The fastest way to read a CSV file in Pandas 2.0

It turns out that the fastest way to create a Pandas DataFrame from a CSV file is to use an entirely different library.

Finn Andersen
ITNEXT

--

In my previous article I explored in detail how the different options of Pandas’ pd.read_csv() function define its behaviour, and now I will look at how they impact performance. The results are surprising, and I discovered that the fastest way to create a Pandas DataFrame from a CSV file doesn’t involve using the pd.read_csv() function at all!

Test Data

For this benchmark test I’m going to use this Crime Data CSV dataset because it’s a decent size and has a good range of different data types. I cut the file down to the first 200,000 rows since my ChromeOS tablet was having memory issues running benchmarks on the full file. It has 28 columns in total, but for many of the tests I chose to only use 15 of them. Here’s what the first 5 rows of these columns look like:

First 5 rows of sample data for the 15 selected columns from the CSV file

Test Method

I investigated how the following options affected CSV reading speed:

  • Parser engines
  • Selecting a subset of columns
  • Specifying datatypes for fields
  • Different datatype_backend options (introduced in Pandas 2.0)

The many possible permutations of these parameters resulted in a bit of a complex multi-variate analysis, but I’ll do my best to present my findings in a clear and useful way.

Engines

As shown in my previous article, the pd.read_csv() function has 3 engine options to choose from, and they have a big impact on performance. Here I’m not even going to consider the python engine because it is notoriously slow (due to doing its processing in pure Python code). Just know that if you need to use any of the features the other engines don’t support, you’re going to be in for a bad (or at least slow) time.

Instead, I decided to test an additional entirely different approach — using the read_csv() function of the Polars library. If you’re not familiar with Polars already (where have you been?), it’s the new DataFrame library kid on the block that puts Pandas to shame in terms of performance and has a nice expressions API. It can be used to read a CSV and then convert the resulting Polars DataFrame to a Pandas DataFrame, like:

import polars as pl
df = pl.read_csv('file.csv').to_pandas()

Datatype Backends

Pandas 2.0 introduced the dtype_backend option to pd.read_csv() to choose the class of datatypes that will be used by default. This influences the behaviour of the data conversion process and therefore should impact performance.

When using Polars to read the CSV and then convert to Pandas using DataFrame.to_pandas(), by default the data will be converted to NumPy dtypes (equivalent to dtype_backend='numpy').

If the method is called with use_pyarrow_extension_array=True, the resulting Pandas DataFrame will have PyArrow Extension Arrays which means the data does not need to be copied.
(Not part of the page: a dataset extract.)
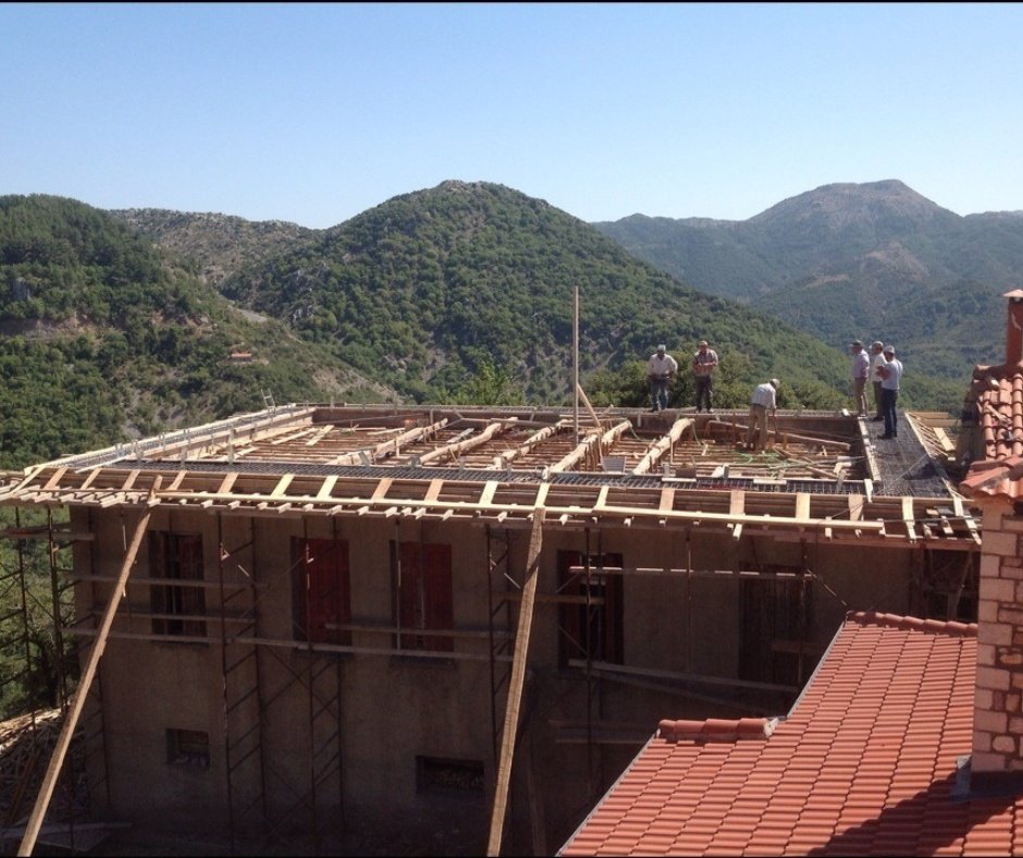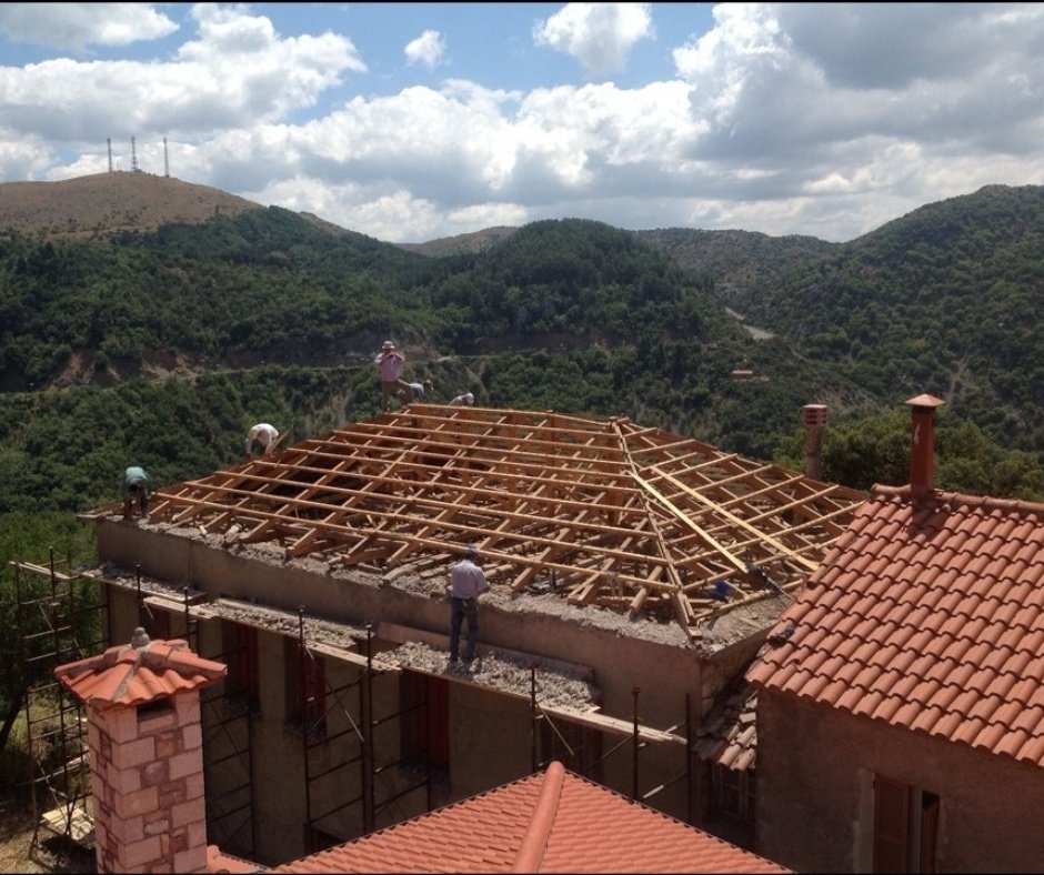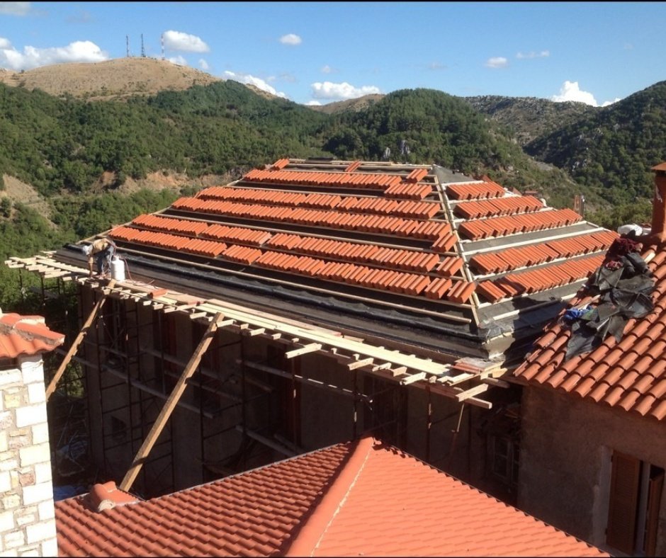 Η κατασκευή της κεραμοσκεπής πραγματοποιήθηκε με τη χρήση υλικών ύψιστης ποιότητας, όπως σύνθετη επικολλητή ξυλεία και ανθεκτικά κεραμίδια. Οι επιλογές αυτές εξασφαλίζουν τεράστια αντοχή στις απαιτητικές καιρικές συνθήκες του βουνού (παγετός, χιόνι, ισχυροί άνεμοι) και μακροχρόνια ανθεκτικότητα. Οι εξειδικευμένοι τεχνίτες μας δημιούργησαν μια στέγη που εναρμονίζεται πλήρως με την τοπική πέτρινη αρχιτεκτονική, υπογραμμίζοντας τη δέσμευσή μας για ποιοτικά έργα με ιδιαίτερες αρχιτεκτονικές απαιτήσεις.

This is equivalent to using dtype_backend='pyarrow' in pd.read_csv().

In order to replicate the behaviour of dtype_backend='numpy_nullable' with Polars, the datatype mapping found here can be provided to DataFrame.to_pandas() using the types_mapper keyword argument.

Results

Now the time has finally come to feast your eyes on some sweet, sweet bar charts. Firstly, here’s how selecting a subset of columns (15 from a total of 28) from the CSV file impacts read performance (with all other options default):

As expected, performance is improved by a similar amount with all engines since data from the other columns does not need to be processed. So if you don’t need to use all the data in a CSV file, you should specify the columns you’re interested in while reading it instead of selecting them later on.

Next up, I wanted to compare the performance difference between explicitly specifying the dtypes of each column versus having them automatically inferred depending on the dtype_backend choice. For this test only the C engine was used, since the pyarrow engine does not actually use the provided dtype value(s) during parsing.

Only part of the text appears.